The crew all murmured their agreement. Yeah, it was a good suggestion. Miller and Liam Murphy and Peter Williams, they all agreed. Olivia was still frowning. There was something in his eyes.
She wrote something in her notebook.
Ted got up and said he needed to get some air. Olivia wrote again. This time she wrote, Get some air? Where?
Beside that question was the previous one: Ted said we should get the ones here on our side.
She showed it to Peter Williams. At first he frowned too, not quite comprehending. Then his eyes brightened.
“Shit.”
Olivia nodded. “Exactly what I thought. Ted knows something. I bet he ruined the satellite back at the campsite during the storm—”
“I thought Miller did that to himself.”
“Me too.”
Olivia said more urgently, “Something big is about to happen here, Peter. And Ted is the instrument. We can’t trust him. He leaves at odd hours and comes back anytime he wants to. He moves freely, but the rest of us can’t—”
“I have seen too,” Nicolai said in her face. He looked ragged. Half his former self.
Olivia and Peter shared a look.
“What have you seen?” Olivia asked.
“All the soldiers are sick, they turn to zombie.” Nicolai grabbed Peter’s hand. “But we can leave before it spreads to us. We can leave, now!”
Spittle hung in the corners of the Russian's cracked lips. His eyes looked like they would fall out any minute. Olivia shivered.

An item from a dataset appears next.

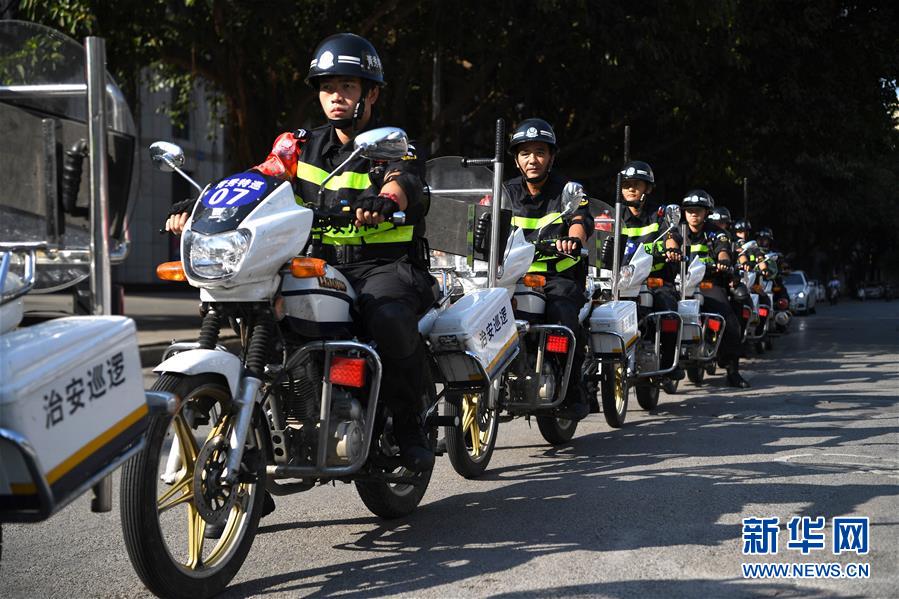 10月1日,廣西南寧市公安局南湖分局治安巡邏隊在南寧市東葛路上巡邏。當(dāng)日是國慶節(jié),許多勞動者堅守在工作一線,在崗位上度過節(jié)日。新華社記者周華攝

“What do you have in mind?”
Nicolai swallowed some from his flask. That flask never dries, thought Olivia. He glanced back at the rest of the crew, walking about the room. Frank Miller was lying down on his bunk. Anabia Nassif had found a pen and paper and was scribbling furiously.
Nicolai looked at Olivia and Peter. “The U-boat,” he whispered. “That is how we get out.”
“Nicolai, that boat is unfinished.” Peter shook his head. “We don’t even know if it even works.”
The Russian gritted his teeth. “I know it can work, I have seen the mechanics. I can make it work!”
“Even if you could, Nicolai, we could never get to it.” Olivia touched the Russian. “The soldiers are going to make sure we don’t get near that boat. And now that they are sick, they could just shoot us all.”
Nicolai was not giving up. He grabbed Peter’s hand. “I know you can make Mr. Miller agree. If you tell him I can do it. Tell him, Peter.”
Peter looked at the prone Miller on the bed. He sighed.
Ted Cooper strolled in then.
Ten minutes before:
“Even you are coming down with it, Major. If I have any sense at all I should be out of here, kayaking in the Andes or something. I mean, I could get infected just talking with you.”